The opening receiving the compress/dressing can be sealed with adhesive tape, for instance. The outer surface of the sheet-like support is preferably slippery so as to reduce the risk of the support being displaced by forces acting in the plane of the support. The side of the support that lies proximal to the underlying foot-supporting surface, e.g. the floor, may be provided with a stiff layer that distributes the load or pressure points and therewith reduces the risk of local pressures on the patient's foot sore. This layer will preferably be flexible so as to adapt to the shape of the surface area of the patient on which the dressing support shall be stuck.

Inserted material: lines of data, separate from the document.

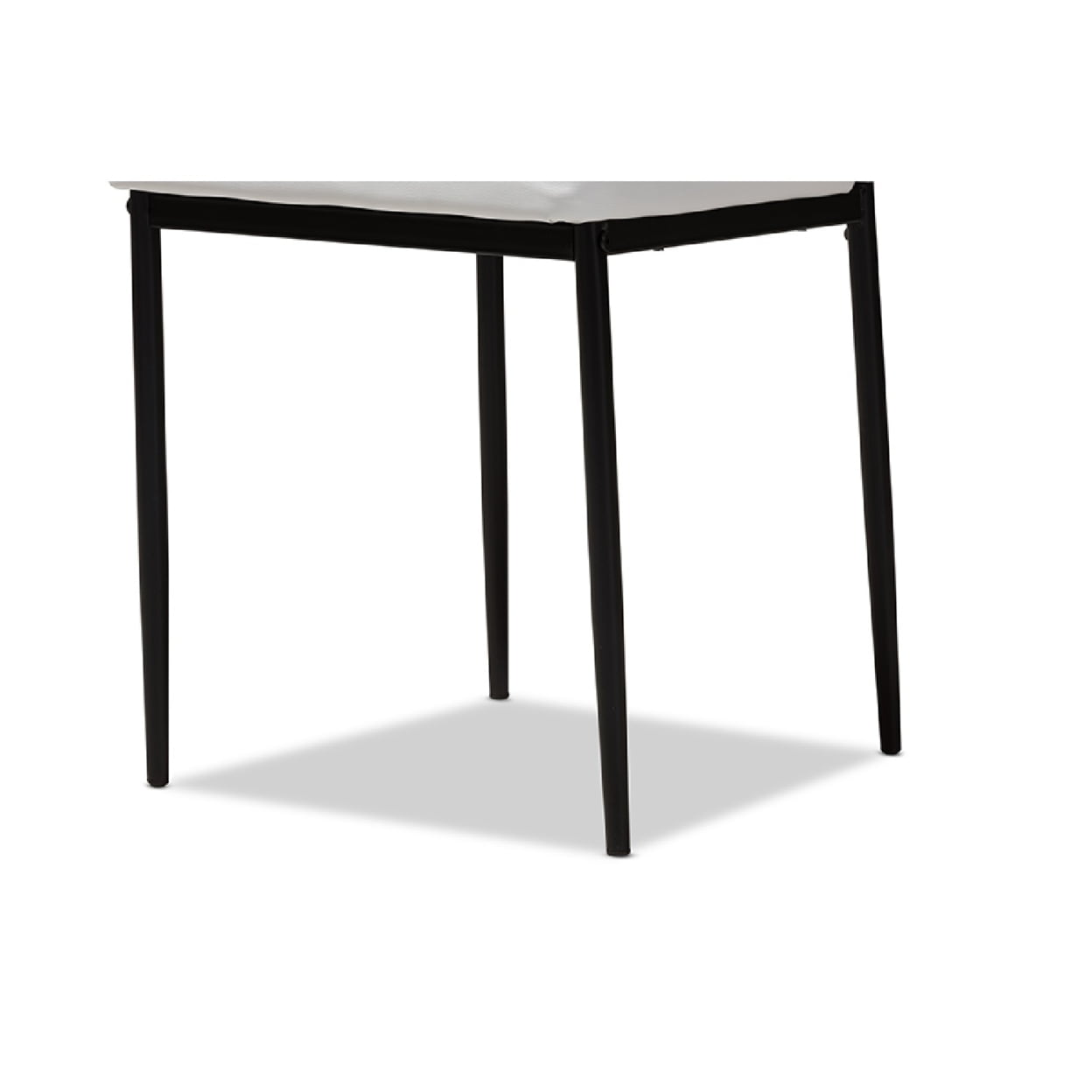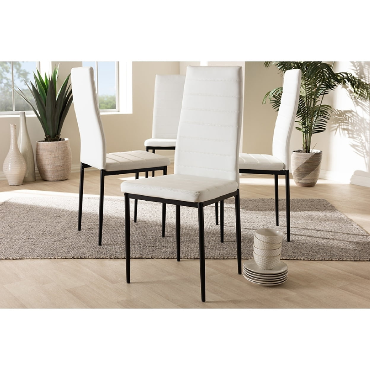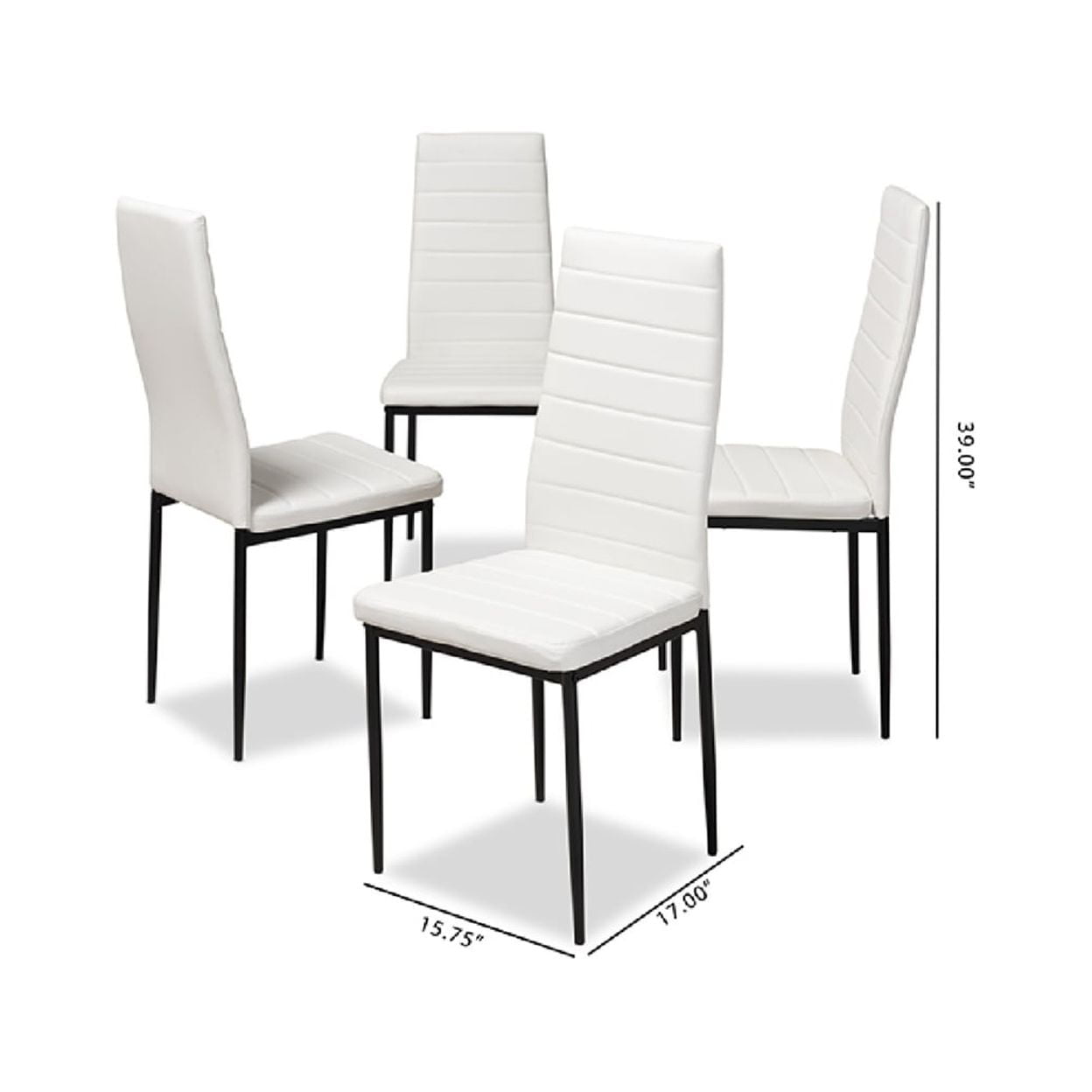 Baxton Studio Armand Modern and Contemporary White Faux Leather Upholstered Dining Chair (Set of 4) The sleek and minimalist look of the Armand dining chair will bring cool vibes to your space. The modern and contemporary-inspired design of the chair is trendy yet timeless. The white faux-leather upholstery of the Armand is easy to coordinate with your existing decor, and the horizontal, slatted chair back design amps up the clean, cool look of the chair. Black finishing on the chairs sturdy, metal legs adds the final touch to an overall modern, streamlined look. The Armand features foam padding and a gently arched chair back to encourage hours of comfort. This chair will be the simple solution youve needed to add that cool, executive look to your dining room, reception area, or other shared space. Made in China, this chair requires assembly. Specifications: Modern and contemporary dining chair Faux leather upholstery Black finished metal legs Horizontal slatted chair back design Foam padded seat Assembly required Made in China
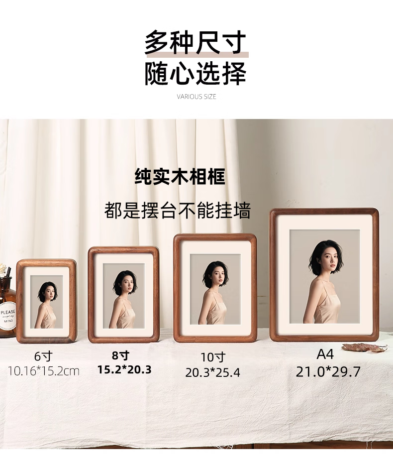 Black walnut solid wood table oil painting frame made into photo frame for children's high-end Valentine's Day and Chinese Valentine's Day birthday gift North American black walnut A4 inch solid wood mortise and tenon photo frame
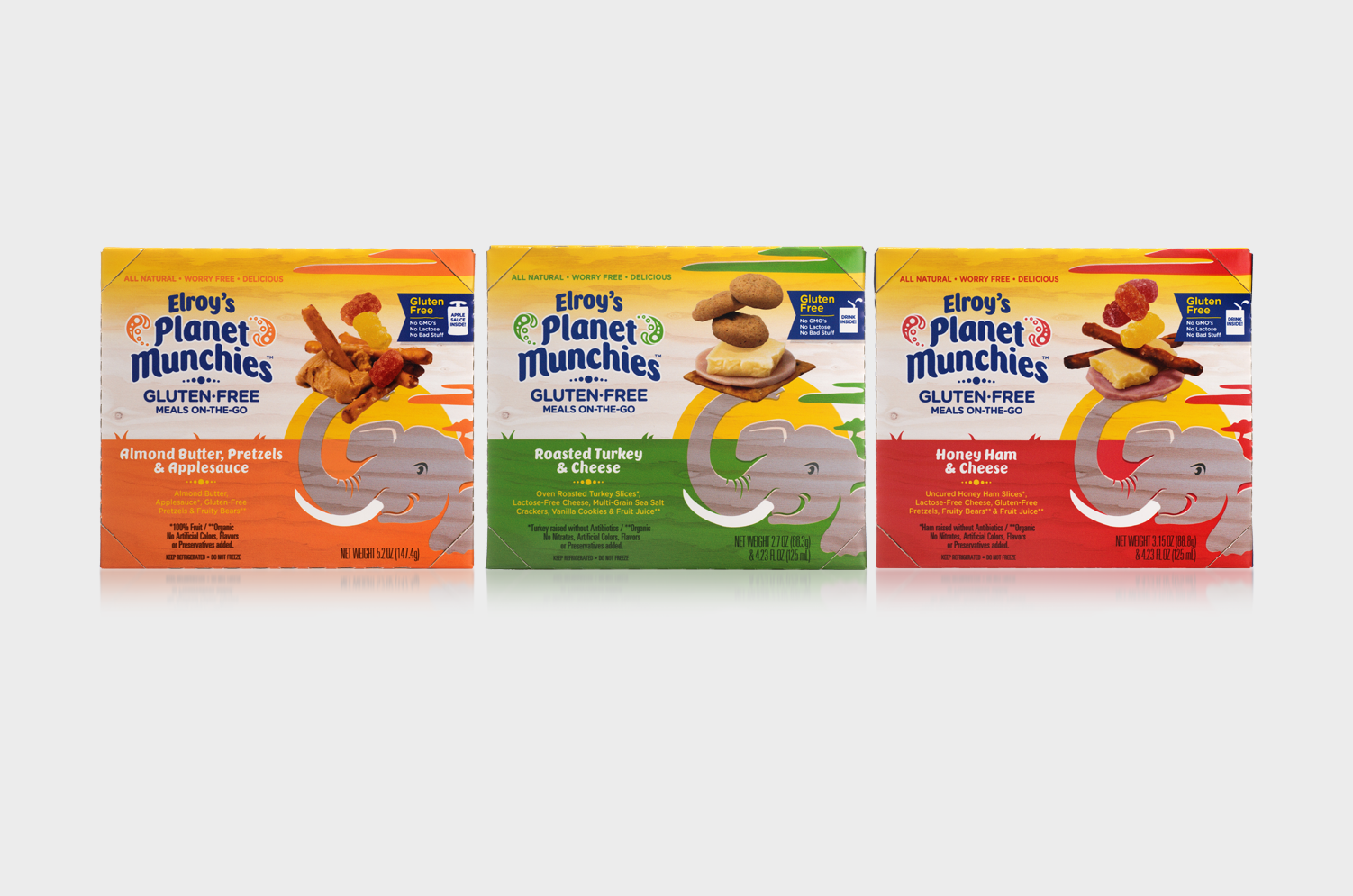 Elroy’s Planet Munchies bring gluten-free, all-natural meal kits to kid lunches in a fun experience. By only providing allergy free products for sensitive diets, Elroy’s is the worry-free and smart choice for parents. Elroy, is the name of our client’s father who was the strong and wise leader of the family. We decided to pay homage to this important figure in her life and embody his spirit as Elroy the elephant. With games and trivia inside as a pull out game sheet, we wanted the meal-kit to be fun to eat and interact with.
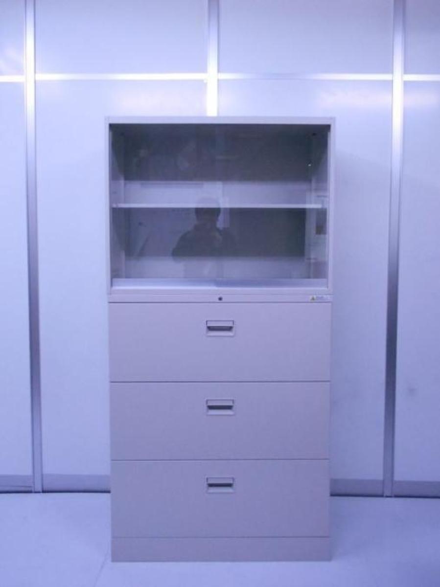 オカムラ製の42シリーズ、ガラス引き違い+3段ラテラル書庫
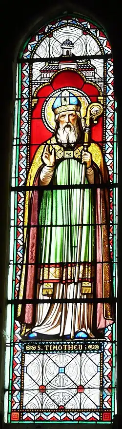 De acordo com uma tradição posterior, Paulo consagrou Timóteo como bispo de Éfeso no ano 65, um cargo que Timóteo teria servido por 15 anos.[carece de fontes] No ano 80 (ou 97, segundo outras fontes), Timóteo tentou impedir uma procissão pagã e, em resposta, os pagãos, furiosos, atacaram-no, arrastaram-no pelas ruas e apedrejaram-no. No século IV, suas relíquias foram transferidas para a Igreja dos Santos Apóstolos em Constantinopla.[carece de fontes]
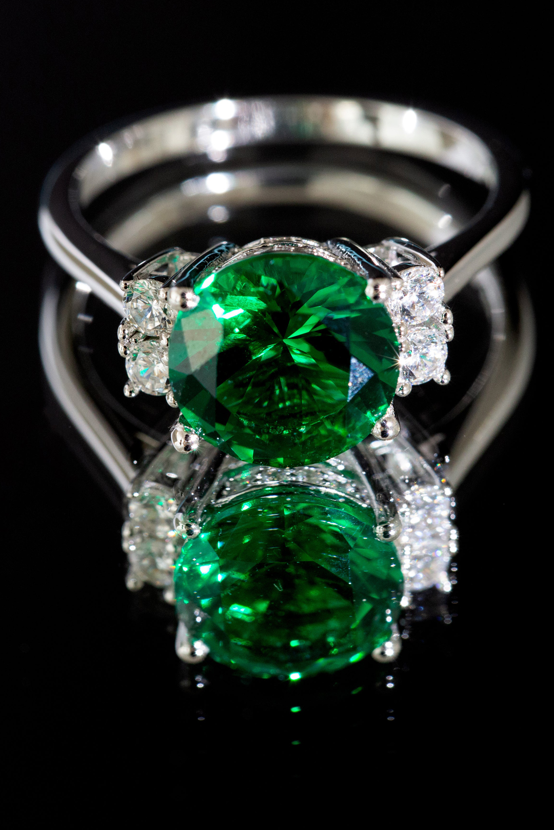 Round μοϊσανίτης σε βαθύ σμαραγδί απόχρωση  διακοσμημένος σε pave σχέδιο με μικρότερους μοϊσανιτες στα πλαϊνά δεμένο σε σκελετό από ασήμι 925. GM: 3,77 Καράτια Βάρος: 2.00
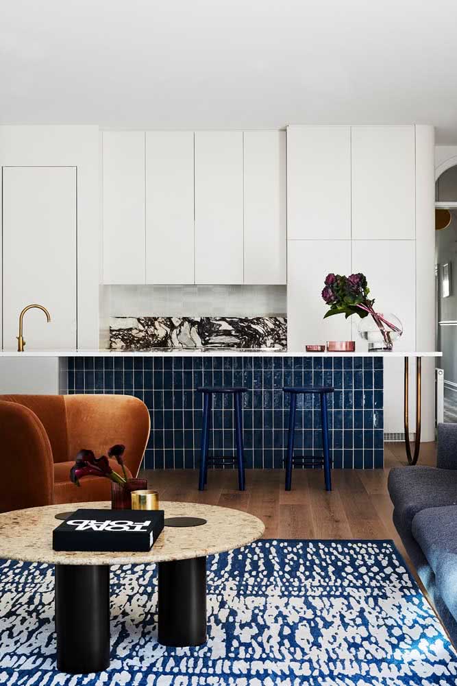 Imagem 22 – Já aqui, a ideia foi demarcar a cozinha conceito aberto com uma faixa de ladrilho hidráulico no piso.

By producing the dressing support in several standard designs, and by providing the support with graphic markings and constructing the support so that it can readily be brought to the correct size by cutting pieces from the dressing support, for instance whilst guided by said graphic markings, a fresh dressing support can be applied in a precisely correct position when changing the support, with the aid of markings provided on the body part to this end, and the size of the opening can be adjusted.
When the dressing support has been securely adhered to the underside of a patient's foot with the opening in the support positioned over a sore or a tactile area on the underside of the foot, a foot bed can be cast or moulded on a conventional way, with the foot and the applied dressing support as a model.
When the patient with the dressing support applied to his/her foot inserts his/her foot into the treatment shoe, the foot bed and the dressing support will together provide a comfortable support surface for the whole of the foot in the treatment shoe, with the exception of the opening in the dressing support.
In those cases when the dressing support covers the whole of the foot with pressure-relieving openings for sores or tactile skin areas, the adaptation of a normal shoe may suffice.
When the patient removes the treatment shoe, the dressing support carrying the dressing will remain on his/her foot, wherewith the dressing support will prevent direct contact between the walking surface and the sore as the patient walks without the treatment shoe/foot bed.
The fact that the exposed side of the dressing support is slippery reduces the risk of the support being disturbed on the foot of the wearer as he/she inserts her foot in or on to the foot bed in the treatment shoe.
When the foot to which the support is applied shall be inserted into a sock or stocking, the slippery outer surface of the support affords the advantage of reducing the risk of displacement of the support relative to the foot and also facilitates insertion of the foot carrying the support into the sock.
As will be understood, the foot bed may be formed on the basis of the foot to which a dressing support has been applied being clothed with a sock/stocking.
The slippery/smooth outer layer of the support may include one or more secondary openings, and the support may include a soft elastic rubber-like layer nearest the outer layer that includes said secondary openings. As load is exerted on the dressing support, parts of the rubber layer will penetrate plastically out through the secondary openings and therewith form anti-slip elements, which are particularly useful when a patient that has a dressing support applied to his/her foot walks on a slippery floor without wearing a sock or stocking.